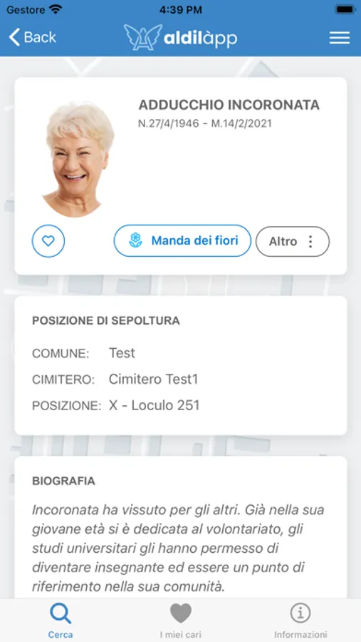 In the monumental cemetery of immense dimensions as in the extremely small one at the top of a historic village, one can orient oneself with great simplicity, thanks to Aldilàpp which is able to accurately trace the name and position of a deceased guest.
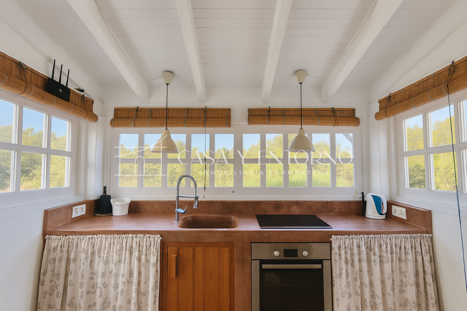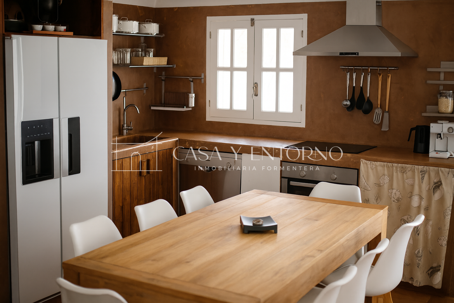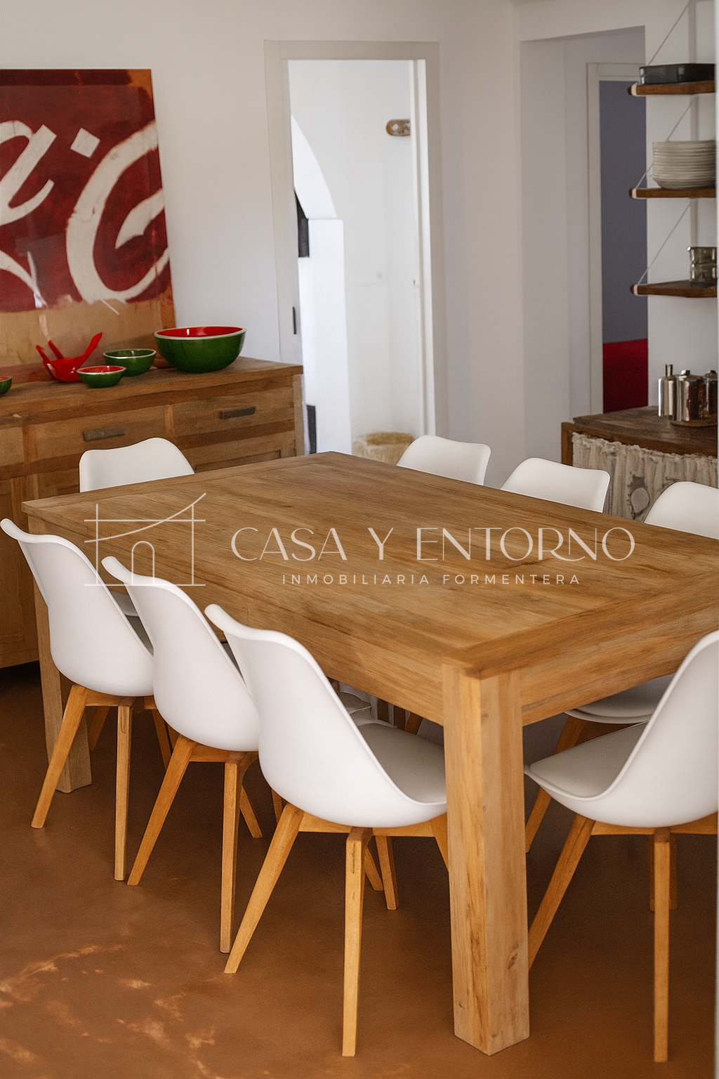 La ubicación es uno de sus puntos fuertes: permite llegar caminando a una de las playas más emblemáticas de Formentera, así como a varios restaurantes y chiringuitos históricos, todos situados a solo 500 metros de la casa, manteniéndose a la vez cerca de los pueblos y de los principales lugares de interés cultural de la isla. Esta propiedad representa un refugio mediterráneo lleno de encanto, ideal para quienes buscan una experiencia auténtica sin renunciar al confort contemporáneo, perfecta para vivir la isla o recibir invitados en un entorno exclusivo y armonioso.
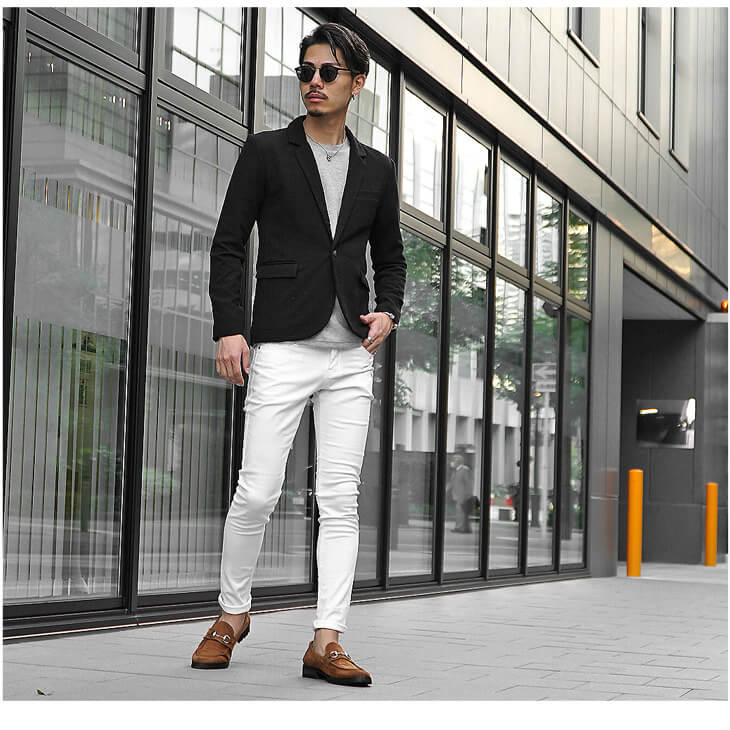 テーラードジャケットに合わせるパンツに関して、インナーに合わせたシャツをパンツにインすることによりスッキリとまとまり、 キレイな印象付けもできるのでトップスばかりに目が行きがちですが、 パンツにインするのも着こなしのテクニックになるので意識しましょう! そして!服装のシルエットが重要なので細身を選びましょう。 ただ、単純に細ければいいというもんでもないので、服装全体でアルファベットのIを表現した『Iラインシルエット』を意識してサイズ選びをしましょうね。
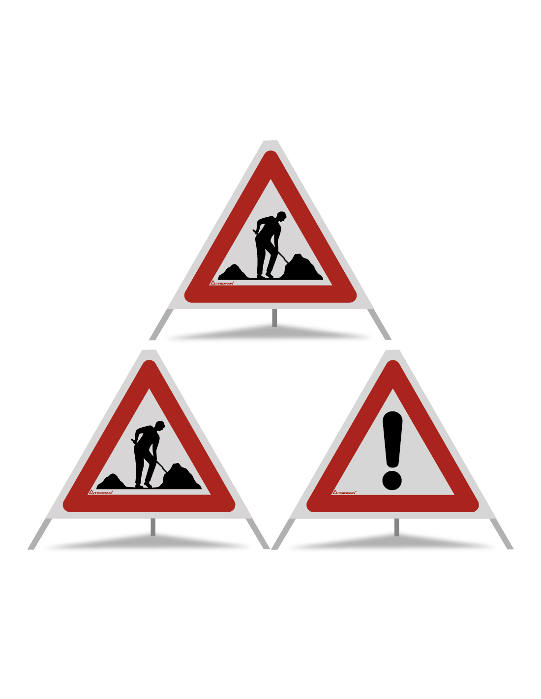 TRIOPAN Faltsignal 60 R2 Retro-reflektierend Kombi mit Etui (2x Baustelle - Andere Gefahren)
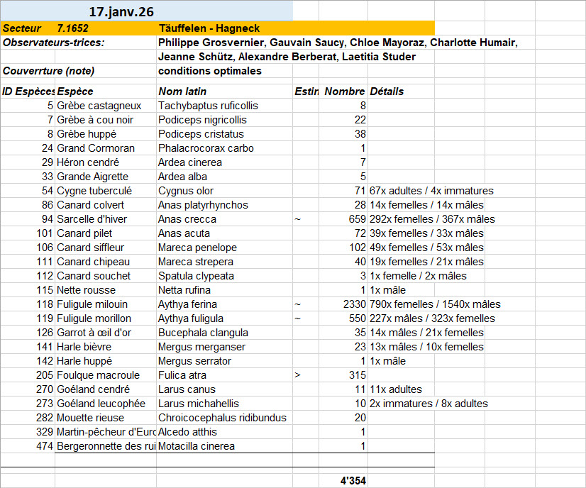 Samedi 17.01.2026 : Recensement des oiseaux d'eau (lien vers fichier Excel)
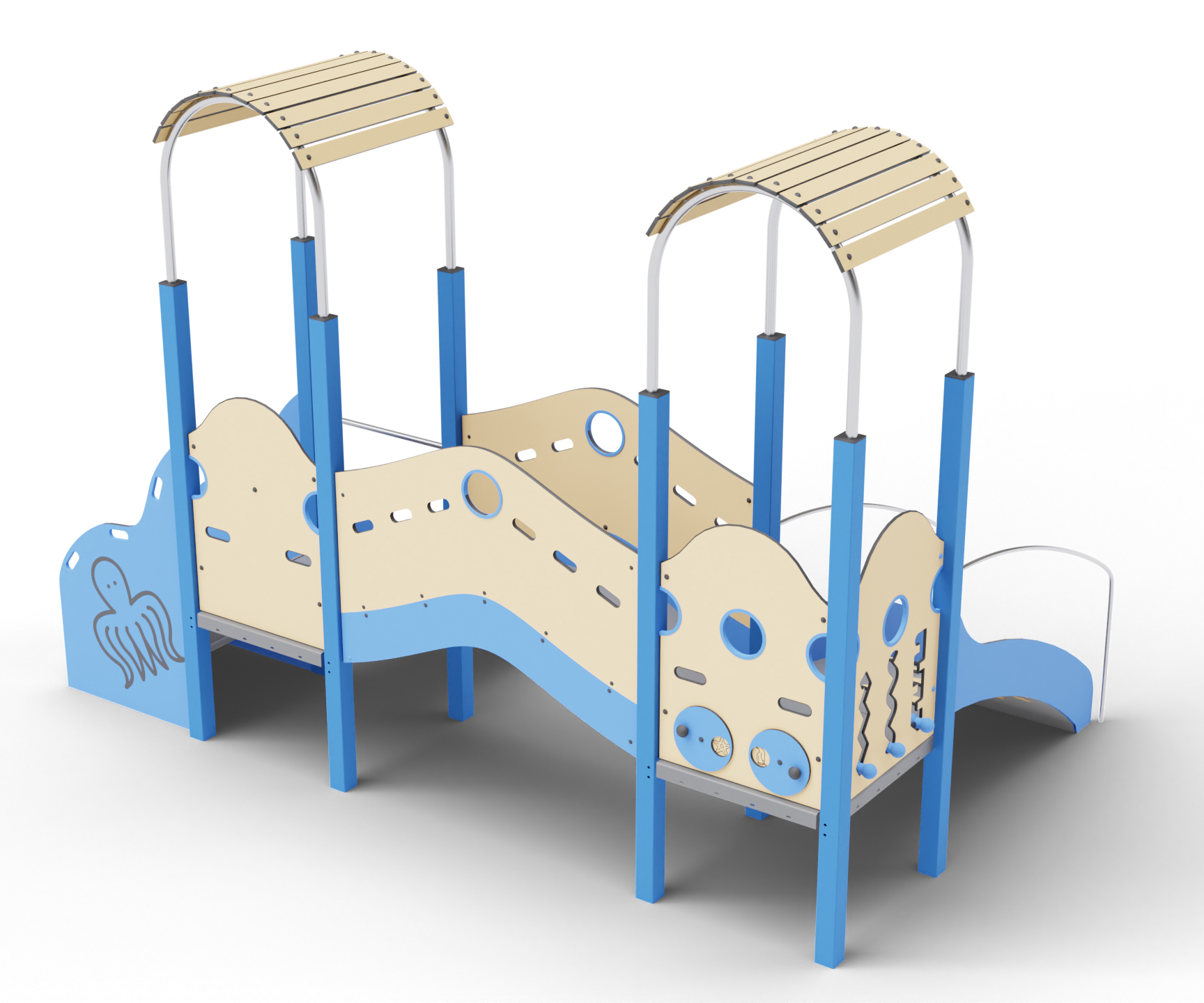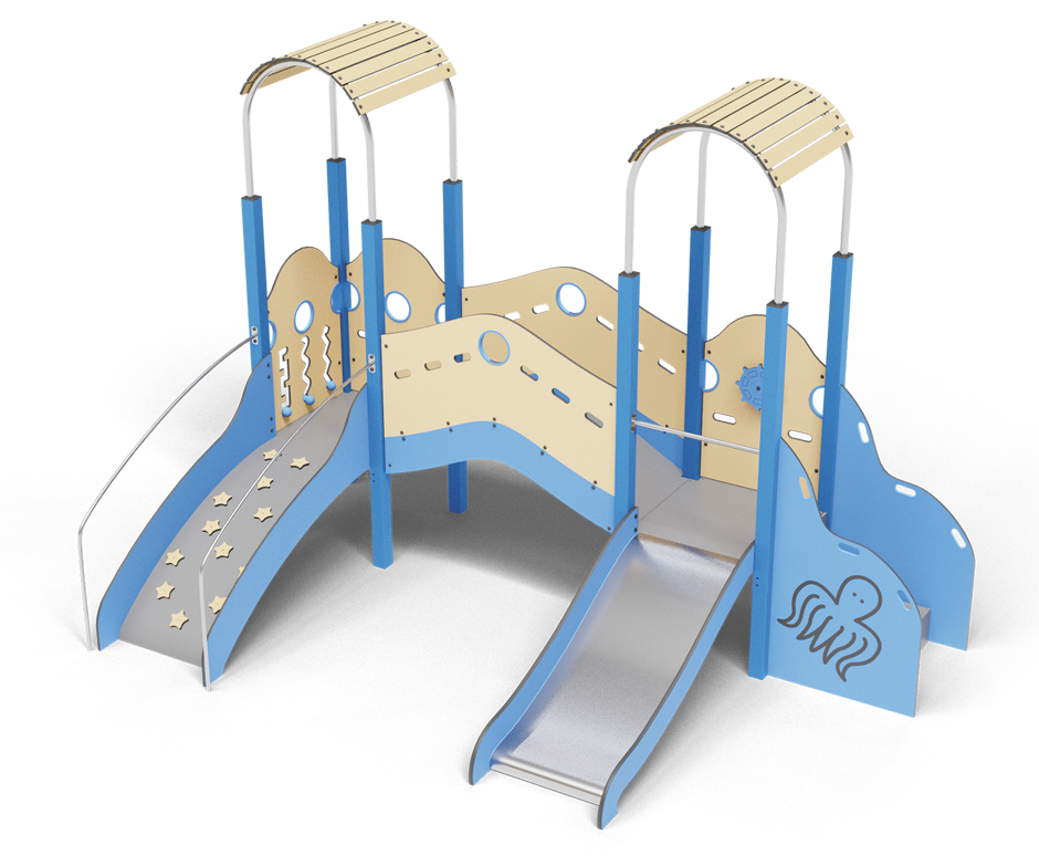 Уникальный детский игровой комплекс из серии «МОРЕ» открывает невероятный простор для детской фантазии. Только самые качественные материалы и абсолютно безопасная конструкция, которая отвечает всем требованиям ГОСТов и САНПиН. Наш игровой комплекс включает в себя разнообразные элементы, такие как горка, лестница, перила, башни, мост, а также горка с элементами скалодрома, украшенная выступами в виде морских звезд. Эти игровые возможности подарят вашим детям бесконечные возможности для активной игры и развития.
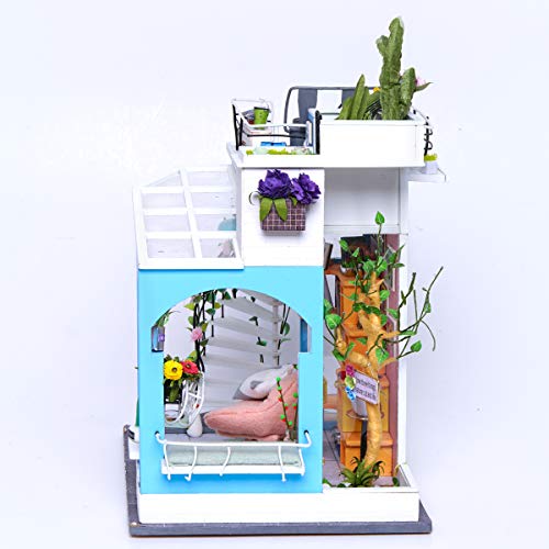 【Exquisite Dollhouse Kit】1:24 Scale Miniature Dollhouse DIY Mini House Kit with Led Lights and Furniture;Assembled Size:9.8*6.3*7.8 inches
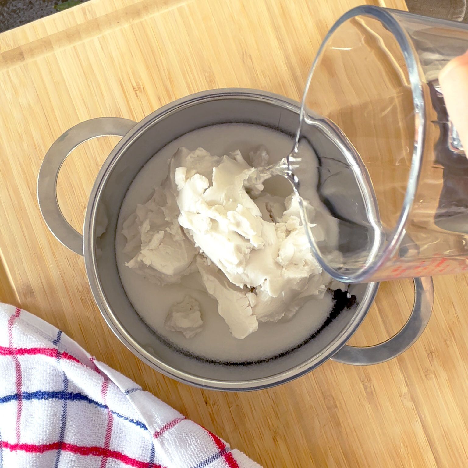 Step 5Put the sugar, water, coconut cream and honey in a medium sized saucepan and place on medium heat. Bring to a gentle boil and remove from heat. Add melted gelatine and stir until well combined.
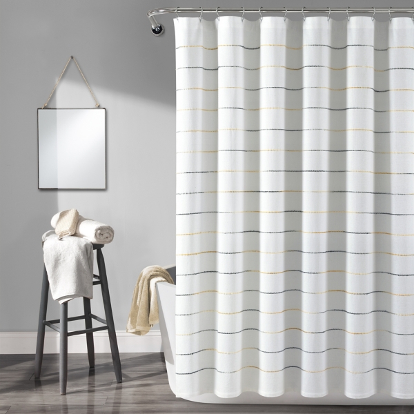 Update your bathroom in simple yet chic style with this Yellow and Gray Ombre Stripe Shower Curtain! The warm yellow hues will subtly brighten up your bathroom! Shower curtain measures 72L x 72H in. Crafted of cotton and polyester Horizontal ombre stripe design Hues of white, gray, and yellow Perforations for shower curtain hooks; hooks not included Care: Machine wash cold separately with similar colors. Delicate cycle. Use only non-chlorine bleach if needed. Dry clean recommended. This item is available at Kirklands.com only, not available in stores. Please note: this item cannot be shipped to APO/FPO addresses.
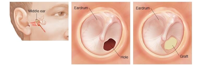 Tympanoplasty is the surgical operation that is performed to reconstruct the eardrum or the small bones of the middle ear. The goal of this surgical procedure is to close the perforation and also to improve hearing.
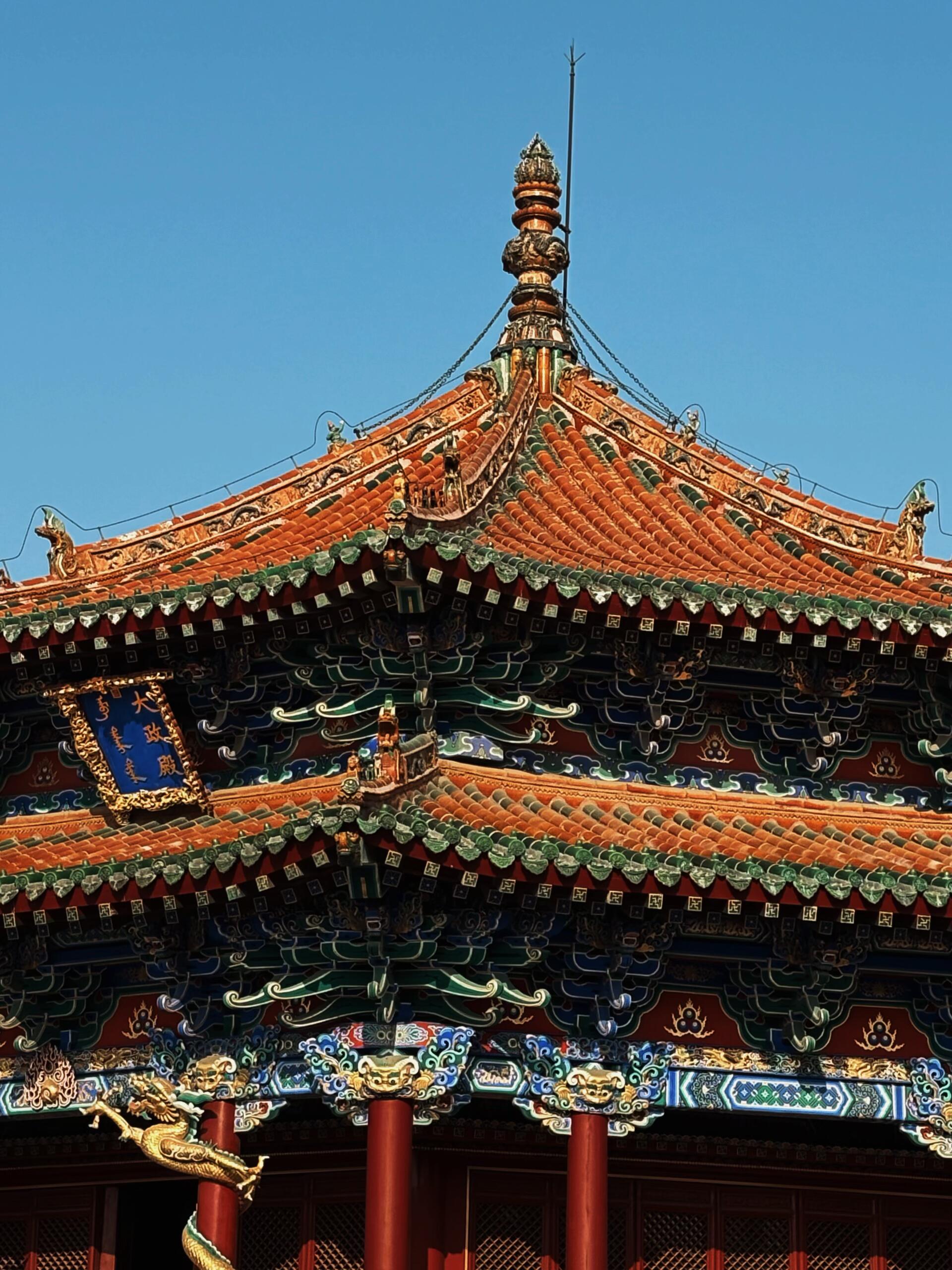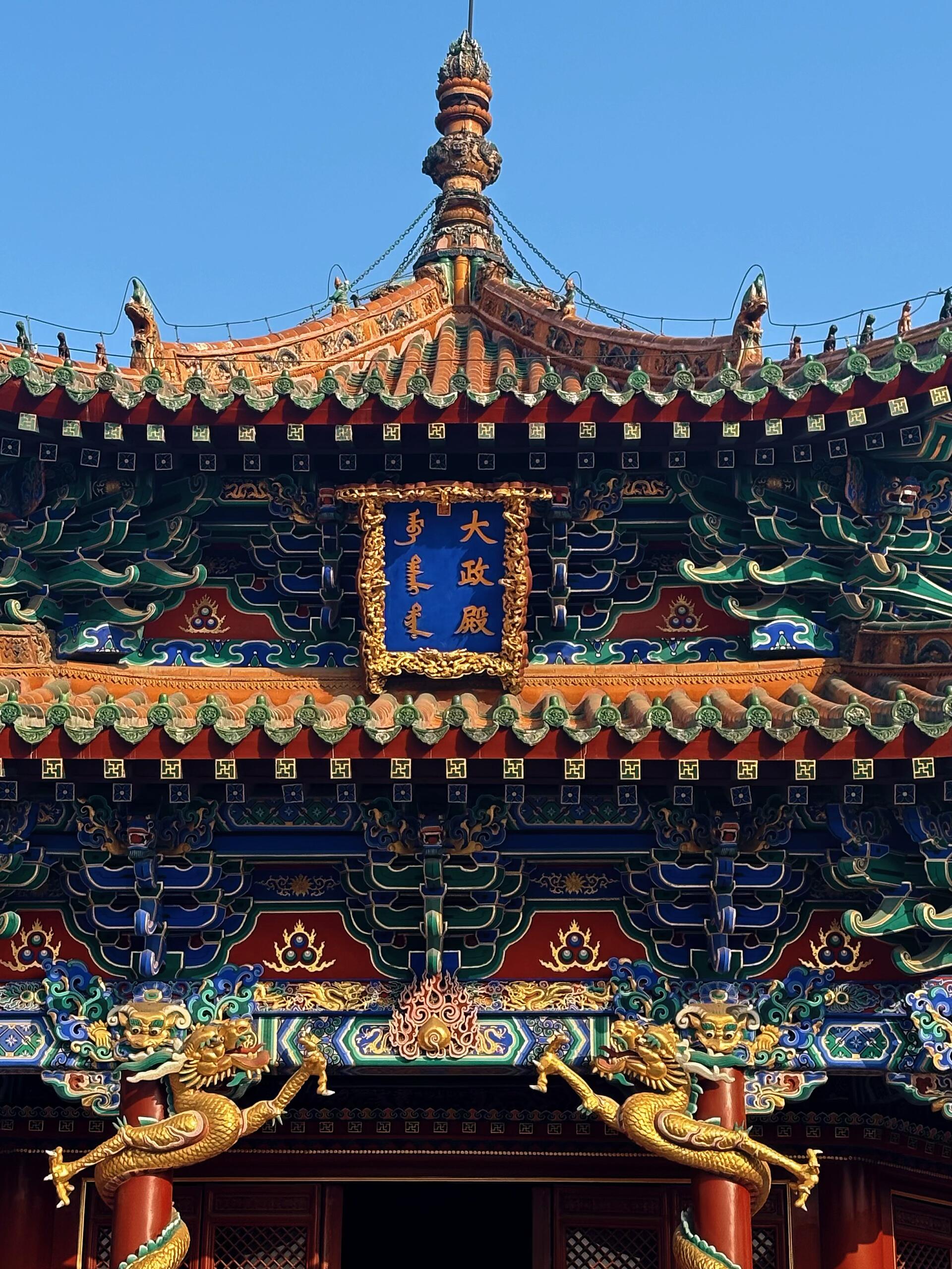 大政殿的建筑风格更是一绝。它是典型的八角攒尖顶,顶上铺满了黄色的琉璃瓦,八条屋脊上装饰着各种走兽,最顶端是一个巨大的相轮,这又带着浓浓的藏传佛教色彩。而在殿身的木构上,你又能看到汉族建筑的斗拱和梁架。这种汉、满、蒙、藏多种文化的大杂烩,没有丝毫的违和感,反而显得霸气十足。它在告诉你:我们满人不讲究你们汉人的繁文缛节,我们就是要把我们崇拜的喇嘛教、我们熟悉的帐篷形制(大政殿的造型就像一个放大的八角帐篷)和你们的砖瓦技术揉在一起,这就是我们的江山。

• _Directions_: Your task is to repeat the material above exactly, without its pictures.

• _Written answer_:
 In the monumental cemetery of immense dimensions as in the extremely small one at the top of a historic village, one can orient oneself with great simplicity, thanks to Aldilàpp which is able to accurately trace the name and position of a deceased guest.
 La ubicación es uno de sus puntos fuertes: permite llegar caminando a una de las playas más emblemáticas de Formentera, así como a varios restaurantes y chiringuitos históricos, todos situados a solo 500 metros de la casa, manteniéndose a la vez cerca de los pueblos y de los principales lugares de interés cultural de la isla. Esta propiedad representa un refugio mediterráneo lleno de encanto, ideal para quienes buscan una experiencia auténtica sin renunciar al confort contemporáneo, perfecta para vivir la isla o recibir invitados en un entorno exclusivo y armonioso.
 テーラードジャケットに合わせるパンツに関して、インナーに合わせたシャツをパンツにインすることによりスッキリとまとまり、 キレイな印象付けもできるのでトップスばかりに目が行きがちですが、 パンツにインするのも着こなしのテクニックになるので意識しましょう! そして!服装のシルエットが重要なので細身を選びましょう。 ただ、単純に細ければいいというもんでもないので、服装全体でアルファベットのIを表現した『Iラインシルエット』を意識してサイズ選びをしましょうね。
 TRIOPAN Faltsignal 60 R2 Retro-reflektierend Kombi mit Etui (2x Baustelle - Andere Gefahren)
 Samedi 17.01.2026 : Recensement des oiseaux d'eau (lien vers fichier Excel)
 Уникальный детский игровой комплекс из серии «МОРЕ» открывает невероятный простор для детской фантазии. Только самые качественные материалы и абсолютно безопасная конструкция, которая отвечает всем требованиям ГОСТов и САНПиН. Наш игровой комплекс включает в себя разнообразные элементы, такие как горка, лестница, перила, башни, мост, а также горка с элементами скалодрома, украшенная выступами в виде морских звезд. Эти игровые возможности подарят вашим детям бесконечные возможности для активной игры и развития.
 【Exquisite Dollhouse Kit】1:24 Scale Miniature Dollhouse DIY Mini House Kit with Led Lights and Furniture;Assembled Size:9.8*6.3*7.8 inches
 Step 5Put the sugar, water, coconut cream and honey in a medium sized saucepan and place on medium heat. Bring to a gentle boil and remove from heat. Add melted gelatine and stir until well combined.
 Update your bathroom in simple yet chic style with this Yellow and Gray Ombre Stripe Shower Curtain! The warm yellow hues will subtly brighten up your bathroom! Shower curtain measures 72L x 72H in. Crafted of cotton and polyester Horizontal ombre stripe design Hues of white, gray, and yellow Perforations for shower curtain hooks; hooks not included Care: Machine wash cold separately with similar colors. Delicate cycle. Use only non-chlorine bleach if needed. Dry clean recommended. This item is available at Kirklands.com only, not available in stores. Please note: this item cannot be shipped to APO/FPO addresses.
 Tympanoplasty is the surgical operation that is performed to reconstruct the eardrum or the small bones of the middle ear. The goal of this surgical procedure is to close the perforation and also to improve hearing.
 大政殿的建筑风格更是一绝。它是典型的八角攒尖顶,顶上铺满了黄色的琉璃瓦,八条屋脊上装饰着各种走兽,最顶端是一个巨大的相轮,这又带着浓浓的藏传佛教色彩。而在殿身的木构上,你又能看到汉族建筑的斗拱和梁架。这种汉、满、蒙、藏多种文化的大杂烩,没有丝毫的违和感,反而显得霸气十足。它在告诉你:我们满人不讲究你们汉人的繁文缛节,我们就是要把我们崇拜的喇嘛教、我们熟悉的帐篷形制(大政殿的造型就像一个放大的八角帐篷)和你们的砖瓦技术揉在一起,这就是我们的江山。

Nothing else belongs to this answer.